After a pit stop in Oman Solar Impulse 2 sets off for Ahmedabad, India on 10 March 2015 Photograph: Jean Revillard/Solar Impulse
The strange rear profile you see in the photo above is that of the Solar Impulse 2, a two-ton plane (a Boeing 747 weighs 154 tons) with solar panels on its wings that made history this week as it completed a round-the-globe voyage over the course of roughly three weeks in flight. The Solar Impulse 2 and one of its pilots, André Borschberg, broke the record for the longest nonstop solo flight ever a few weeks ago, when Borschberg flew from Japan to Hawaii. Damian Carrington reports for The Guardian:
The final leg of the feat, aimed at showcasing the potential of renewable energy, was a bumpy one, with turbulence driven by hot desert air leaving the solo pilot, Bertrand Piccard, fighting with the controls.
The plane, which has a wingspan wider than a Boeing 747 and carries more than 17,000 solar cells on its wings, began the circumnavigation in March 2015 in Abu Dhabi. It has since crossed both the Pacific and Atlantic Oceans using no fossil fuel and has spent more than 23 days in the air.
Speaking to the Guardian from the cockpit shortly before landing, Piccard said he was feeling emotional as he neared the end of the journey: “It is a very, very special moment – it has been 15 years that I am working on this goal.
“I hope people will understand that it is not just a first in the history of aviation, but also a first in the history of energy,” he said.
“All the clean technologies we use, they can be used everywhere. So we have flown 40,000km, but now it is up to other people to take it further. It is up to every person in a house to take it further, every head of state, every mayor in a city, every entrepreneur or CEO of a company.
“These technologies now can make the world much better and we have to use them, not only for the environment, but also because they are profitable and create jobs.”
During daylight, the solar panels charged the plane’s batteries, which make up a quarter of the craft’s 2.3 tonne weight. The pilot also climbed to 29,000 feet during the day and glided down to 5,000 feet at night, to conserve power.
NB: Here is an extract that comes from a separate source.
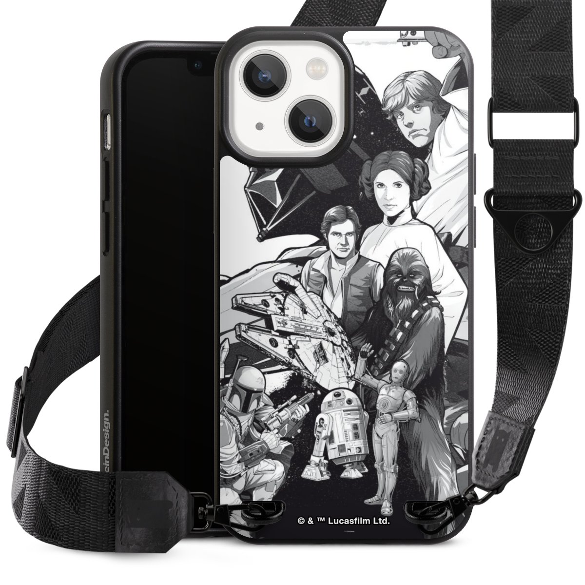 Darth Vader, C3PO, R2D2 und Meister Yoda findest Du in unserem Star Wars Shop auf DeinDesign. Natürlich gibt es auch Star Wars Handyhüllen mit den legendären Charakteren Luke Skywalker, Prinzessin Leia und Han Solo, den Helden der ersten Saga. Wer jedoch die Hauptfiguren der neuen Star Wars Filme ins Herz geschlossen hat, kann auch Finn und Rey mit ihren mächtigen Waffen auf der Rückseite seines Smartphones haben. Die vielseitigen Schutzhüllen in verschiedenen Ausführungen sind das perfekte Geschenk für alle Star Wars Fans, die ihrem Smartphone eine individuelle Note verleihen wollen.

The plane flies at about 30mph, although it can go faster if the sun is bright.
The plane could fly almost perpetually but the pilots cannot, due to the gruelling conditions aboard.
Bertrand alternated with André Borschberg to fly the 16 legs of the journey, spending up to five days in the unheated and unpressurised cabin, taking only short naps and with the single seat doubling up as a toilet. Borschberg flew the longest leg, 4,000 miles over the Pacific from Japan to Hawaii, smashing the record for the longest uninterrupted journey in aviation history.
But Bertrand said his biggest challenge was getting his pilot’s licence in the first place: “The challenge was to come from the world of ballooning and hang gliding to the world of aeroplanes and instruments and procedures. When I initiated the project, I had no aeroplane licence so I had to work for it over six years. I did hundreds of hours to be allowed to fly a prototype aeroplane.”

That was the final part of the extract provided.